Closed Bug 323904 Opened 19 years ago Closed 19 years ago

"Downloads this Week" is greater than "Total Downloads"

Categories

(addons.mozilla.org Graveyard :: Public Pages, defect)

defect
Not set
normal

Tracking

(Not tracked)

RESOLVED FIXED

People

(Reporter: will_bugzilla, Assigned: morgamic)

References

()

Details

Attachments

(1 file, 1 obsolete file)

User-Agent:       Mozilla/5.0 (Windows; U; Windows NT 5.1; en-GB; rv:1.8) Gecko/20051107 Firefox/1.5
Build Identifier: Mozilla/5.0 (Windows; U; Windows NT 5.1; en-GB; rv:1.8) Gecko/20051107 Firefox/1.5

The download figures seem to be broken at https://addons.mozilla.org/extensions/showlist.php
Extension which are still in their first week should have "downloads per week" equal to "total downloads".

"Downloads per week" is bigger than, and growing faster than, "total downloads".

Reproducible: Always

Steps to Reproduce:
visit https://addons.mozilla.org/extensions/showlist.php?application=firefox&numpg=10&category=Newest

Actual Results:  
Extension which are still in their first week have "downloads per week" greater than "total downloads".


Expected Results:  
in the first week "downloads per week" should equal "total downloads".

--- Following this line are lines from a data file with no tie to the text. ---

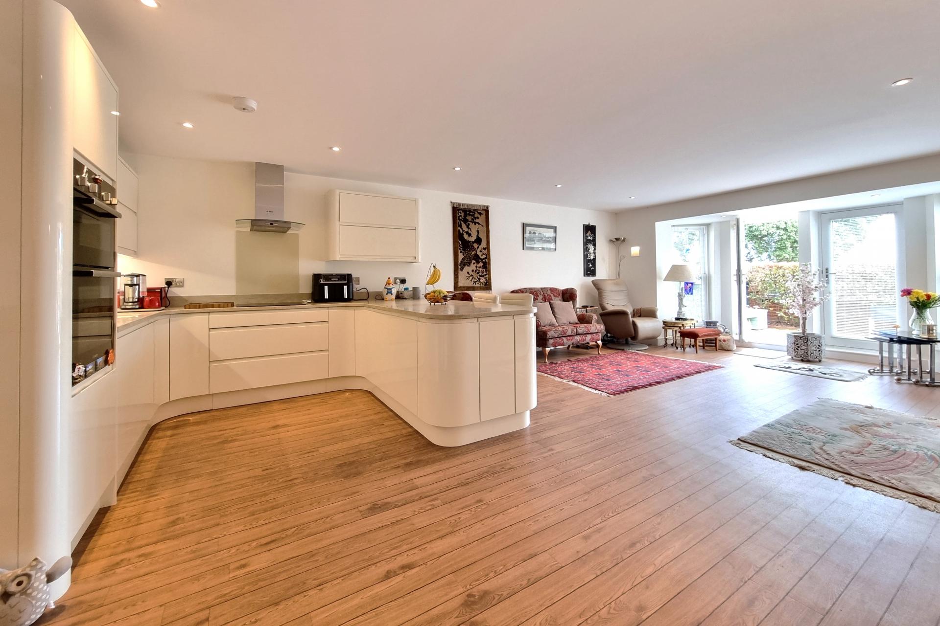 Kitchen area: Comprehensive range of cream fronted wall and floor units with Corian work surface, inset 1½ bowl sink unit with mixer tap and drainer to one side, corner curved unit, under unit lighting, eye-level Bosch microwave, integrated Neff dishwasher, eye-level Bosch oven and grill with storage cupboards over and under, range of pan drawers, Amtico flooring, peninsular breakfast bar divide incorporating fridge and freezer under with matching doors, inset Bosch induction hob with glass splashback, extractor hood, fan and light over, ceiling spotlights and wall lights, entry phone system, controls for underfloor heating, door to:
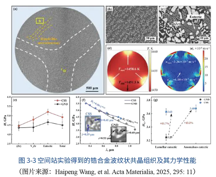 (图3-3),在胞内波纹状组织和胞外层片共晶的共同作用下,合金获得了优异的强度塑性匹配,其硬度和弹性模量均显著提升。这些在地面重力环境中被自然对流所掩盖的新现象与新机制,拓展了人们对传统凝固中共晶与枝晶生长的新认知,为发展在轨材料制备技术奠定了关键的科学基础。相关成果发表于Advanced materials(先进材料)、Acta materialia(材料学报)、Journal of applied physics(应用物理期刊)等国际期刊。
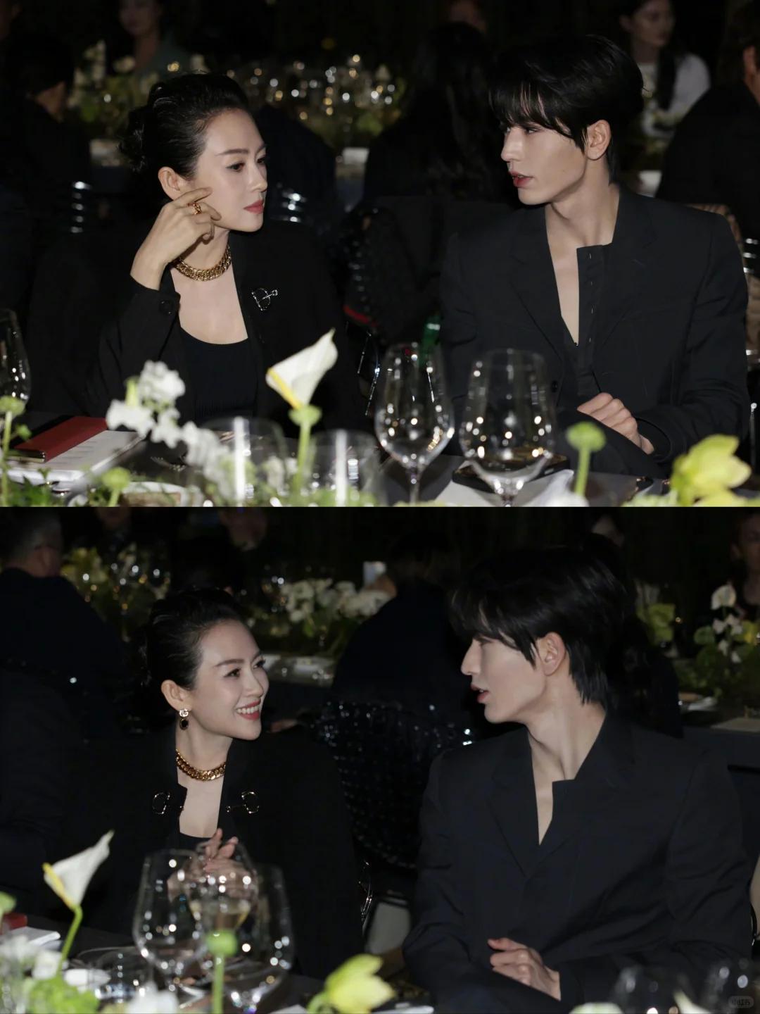 而且活动晚宴上,张凌赫还和章子怡坐在一起热聊呢,把姐姐逗得咯咯直笑。

All of the newest extensions (in their first week) show this problem. Examples:
Concrete examples:
https://addons.mozilla.org/extensions/moreinfo.php?id=1854
https://addons.mozilla.org/extensions/moreinfo.php?id=1865
https://addons.mozilla.org/extensions/moreinfo.php?id=1864

There is 4 days worth of downloads figures for one extension at
http://viewmycurrency.wordpress.com/2006/01/18/download-figures-from-mozilla-update/
There are ~20 other addons affected by this.  I will run some tests on maintenance.php to see what's going on.  Thanks for submitting the bug.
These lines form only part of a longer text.